Direct Alignment from Preferences (DAP) methods like DPO have emerged as efficient alternatives to RLHF, but they rely on pre-collected offline preference data. This leads to two key issues:

Offline Feedback: Preferences are static and not updated during training.
Off-Policy Learning: Responses in the dataset are generated by a different model, causing distribution shift as the target model evolves.

The proposed Online AI Feedback (OAIF) framework¹⁸ makes Online DAP methods online and on-policy by:

Sampling two responses from the current model for each prompt.
Using an LLM annotator (e.g., PaLM 2) to provide real-time preference feedback by choosing the better response.
Updating the model using standard DAP losses (DPO, IPO, SLiC) with this online feedback.

Key advantages:

Avoids distribution shift by using on-policy generations.
Eliminates the need for a separate Reward Model (RM), unlike RLHF.
Enables controllable feedback via prompt engineering for the LLM annotator.

Experiments and Results

Effectiveness vs. Offline DAP:
- Online DAP methods (DPO, IPO, SLiC) achieved an average 66% win rate over their offline counterparts in human evaluations.
- Online DPO outperformed SFT baselines, RLHF, and RLAIF 58% of the time on the TL;DR task.
Generalization to Other DAP Methods:
- OAIF improved all three DAP methods, with online SLiC showing a 71.43% win rate over offline SLiC in TL;DR.
Comparison with RLHF/RLAIF:
- Online DPO was preferred 58% of the time in 4-way comparisons (vs. offline DPO, RLAIF, RLHF).
- RLHF relies on static RMs, which struggle as the model evolves, while OAIF’s LLM annotator adapts dynamically.
Controllability via Prompts:
- Instructing the LLM annotator to prefer shorter responses reduced average token length from ~120 to ~40, while maintaining quality above SFT baselines.
Impact of Annotator Size:
- Larger annotators (e.g., PaLM 2-L) improved performance, but even smaller annotators (PaLM 2-XS) outperformed RLHF in some cases.

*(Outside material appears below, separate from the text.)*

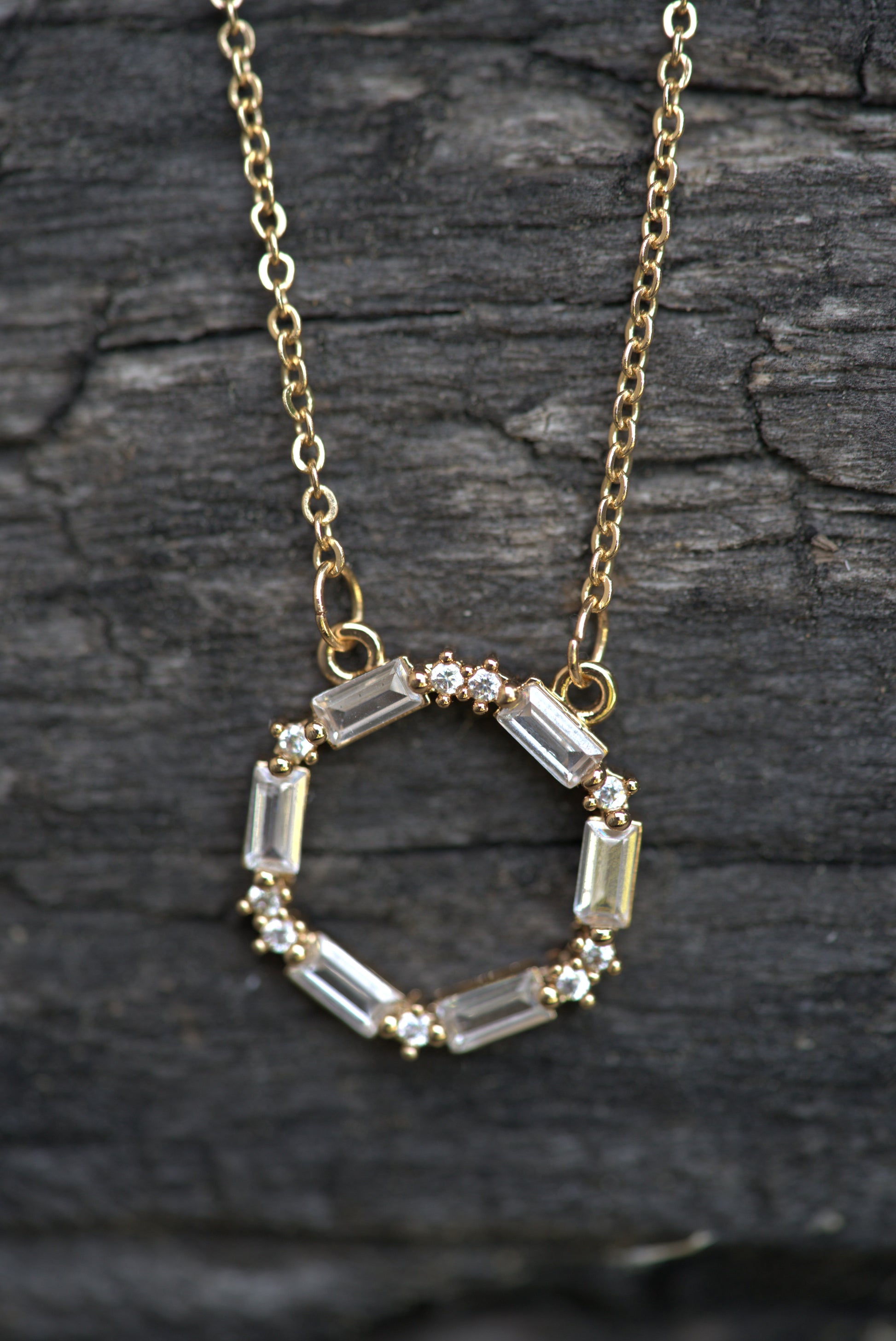 This elegant stainless steel circle necklace features a modern open-circle pendant adorned with alternating baguette-cut and round brilliant cubic zirconia stones. The geometric baguette cuts create a sleek, contemporary look, while the round stones add sparkle and timeless charm. Set on a delicate stainless steel chain, this necklace is versatile enough for everyday wear yet striking enough to elevate any evening ensemble. With options of stainless steel, gold plated, or rose gold plated, there are options for all!

OAIF addresses the offline and off-policy limitations of DAP methods, achieving better alignment with reduced human annotation. The approach paves the way for scalable LLM alignment using AI feedback, with potential for real-time user adaptation and qualitative objective control.

Method	No RM Needed	On-Policy	Online Feedback
Offline DAP	✓	✗	✗
RLHF/RLAIF	✗	✓	✓
OAIF (Proposed)	✓	✓	✓

TDPO: Token-level Direct Preference Optimization

DPO optimize models at the sentence level, evaluating full responses. However, LLMs generate text token-by-token in an auto-regressive manner, which creates a mismatch between evaluation and generation processes. DPO uses KL divergence to constrain models to a reference LLM but struggles with divergence efficiency: the KL divergence of dispreferred responses grows too quickly, limiting diversity. This motivates the need for a more granular, token-level optimization approach.

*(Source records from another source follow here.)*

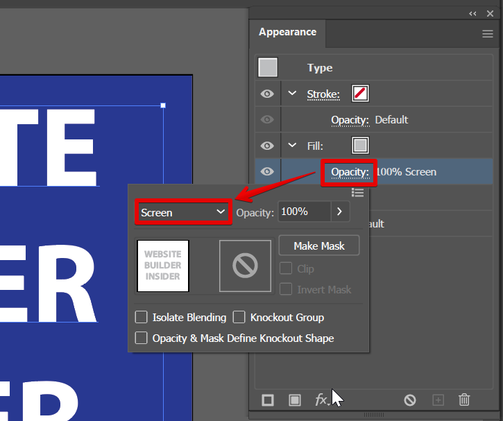 Click on “Opacity” and change the blending mode settings to “Screen.”
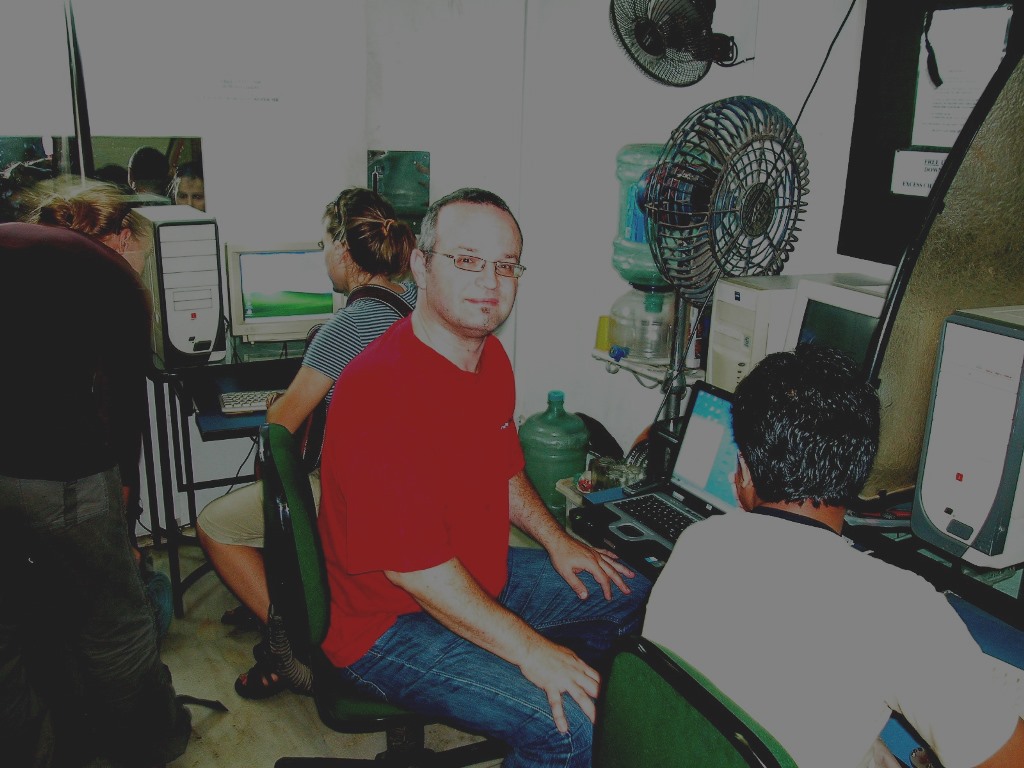 Im Internetpoint kennen sie mich schon von gestern, ich bekomme sofort einen Platz, ein PC wird wieder abgesteckt, damit ich mein Laptop an das Netzwerk bringen kann. So kann ich wieder meine Mails abarbeiten und sogar mit Evi über Skype sprechen. Und dann zahle ich für nicht ganz eine Stunde online nur 35 Rupien, das sind rund 60 Cent!
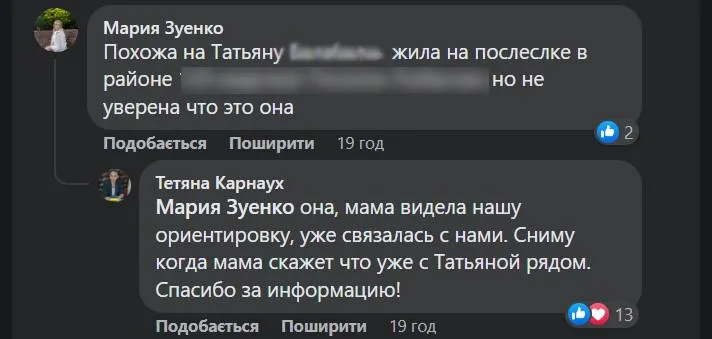 Згодом у коментарях люди написали ймовірне ім'я дівчини. Воно виявилося правильним і завдяки цьому вдалося відшукати родичів.
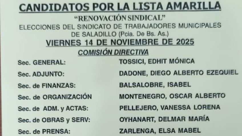 La Lista Celeste, encabezada por Celia Estela Díaz y la Lista Amarilla "Renovación Sindical, encabezada por Edith Mónica Tossici, competirán el próximo viernes 14 de noviembre para la elección de autoridades del Sindicato de Trabajadores Municipales en nuestra ciudad. El acto eleccionario se desarrollará en la sede del Sindicato, en la calle Hipólito Yrigoyen, entre avenida Belgrano y 12 de Octubre, entre las 08:00 y las 18:00.
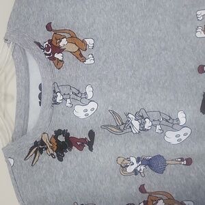 Vibrant sweatshirt featuring iconic Warner Bros. characters. Soft gray fabric with playful multicolor design.

TDPO¹⁹ optimizes token-level preferences to improve sequence generation quality, addressing limitations of instance-level DPO in long-chain reasoning.

TDPO models text generation as an MDP, where:

State $ s_t = [x, y^{\lt t}] $ (prompt + partial response)
Action $ a_t = y^t $ (next token)
Reward $ R_t := R(s_t, a_t) = R\bigl([x, y^{\lt t}], y^t\bigr). $ (token-wise reward)

The objective function combines the advantage function of a reference model with forward KL divergence:

\[ \max_{\pi_\theta} \mathbb{E}\left[ A_{\pi_{ref}}(s_t, z) - \beta D_{KL}(\pi_\theta(\cdot|s_t) \| \pi_{ref}(\cdot|s_t)) \right] \]

where $ A_{\pi_{ref}} $ is the advantage function, and $ \beta $ weights the KL penalty.

TDPO transforms the sentence-level Bradley-Terry model into a token-level preference model, relating it to the Regret Preference Model. The key is expressing human preference probability as:

\[ P_{BT}(y_1 \succ y_2|x) = \sigma(u(x, y_1, y_2) - \delta(x, y_1, y_2)) \]

where $ u $ is the reward difference from DPO, represented as,

$$ u(x, y_1, y_2) = \beta \log \frac{\pi_\theta(y_1 \mid x)}{\pi_{\text{ref}}(y_1 \mid x)} - \beta \log \frac{\pi_\theta(y_2 \mid x)}{\pi_{\text{ref}}(y_2 \mid x)} $$

and $ \delta $ is the weighted SeqKL difference between responses.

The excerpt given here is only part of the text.